Let $$f$$ be a permutation on a set $$S$$. If a relation $$ \sim $$ is defined on $$S$$ such that
\[a \sim b \Leftrightarrow {f^{\left( n \right)}}\left( a \right) = b\]

for some integrals $$n\forall \,a,b \in S$$, we observe that the relation is:

(i) Reflexive: the relation is reflexive, i.e. $$a \sim a$$, now we can define the reflexive property according to the above definition, because
\[a \sim a \Leftrightarrow {f^{\left( n \right)}}\left( a \right)\]
\[ = I\left( a \right) = a,\forall a \in S\]

(ii) Symmetric: the relation is symmetric, i.e. $$a \sim b \Rightarrow b \sim a$$, we can show this relation by using the definition of orbit of permutation, because
\[a \sim a \Leftrightarrow {f^{\left( n \right)}}\left( a \right) = b\]
for some integers $$n$$
\[ \Rightarrow a = {f^{ – \left( n \right)}}\left( b \right)\]
\[ \Rightarrow b \sim a,\,\forall a,b \in S\]

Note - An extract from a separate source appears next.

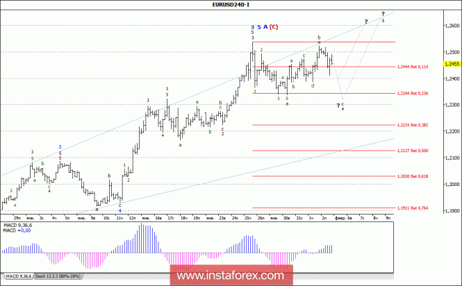Волновой анализ валютной пары EUR/USD за 5 февраля 2018 годаИнстаФорекс - Instaforex, 7 лет назад Анализ волновой разметки: После трехдневного роста, пятничные торги пара EUR/USD начала с нисходящего движения и, потеряв более 100 п.п., во второй половине дня откатилась к отметке 1,2410. Сложившаяся при этом волновая ситуация позволяет предполагать, что валютная пара может значительно усложнить внутреннюю волновую структуру 4-й волны, в 5-й, в 3-й, в 5-й, в А, в (С), продолжив обозначившееся снижение в направлении уровня 23-й фигуры. В то же время в сложившихся условиях валютная пара может в любой момент возобновить рост котировок, как минимум к уровню 1,2600. Цели для построения нисходящей волны: 1,2224 – 38,2% по Фибоначчи 1,2127 – 50,0% по Фибоначчи Цели для построения восходящей волны: 1,2500 – 1,2600 Общие выводы и торговые рекомендации: Продолжается построение повышательной волны А, в (С), внутренняя разметка которой продолжает усложняться. Предполагаемая волна 3, в 5, в А, в (С) усложнила свою внутреннюю волновую структуру и возобновила свое построение с целями, расположенными около 26 фигуры. Коррекционная волна 4 получилась весьма укороченной, но может усложнить свою внутреннюю структуру с целями, находящимися около отметок 1,2344 и 1,2224, что приравнивается к 38,2% и 50,0% по Фибоначчи.Материал предоставлен компанией InstaForex - www.instaforex.com |

(iii) Transitive: the above relation is transitive, i.e. $$a \sim b$$ and $$b \sim c$$ implies $$a \sim c$$, now we can prove this transitive property by using the above definition of orbit of permutation, because
\[ \Rightarrow {f^{\left( n \right)}}\left( a \right) = b,\,\,\,{f^{\left( m \right)}}\left( b \right) = c\] for some integers $$n$$ and $$m$$
\[ \Rightarrow {f^m}\left( {{f^n}\left( a \right)} \right) = {f^m}\left( b \right) = c\]
\[ \Rightarrow {f^{m + n}}\left( a \right) = c\]  for some integer $$m + n$$
\[ \Rightarrow a \sim c\]

Thus the above defined relation $$ \sim $$ is an equivalence relation on $$S$$ and hence we partition it into mutually disjoint classes. Each equivalence class determined by the relation is called an orbit of $$f$$.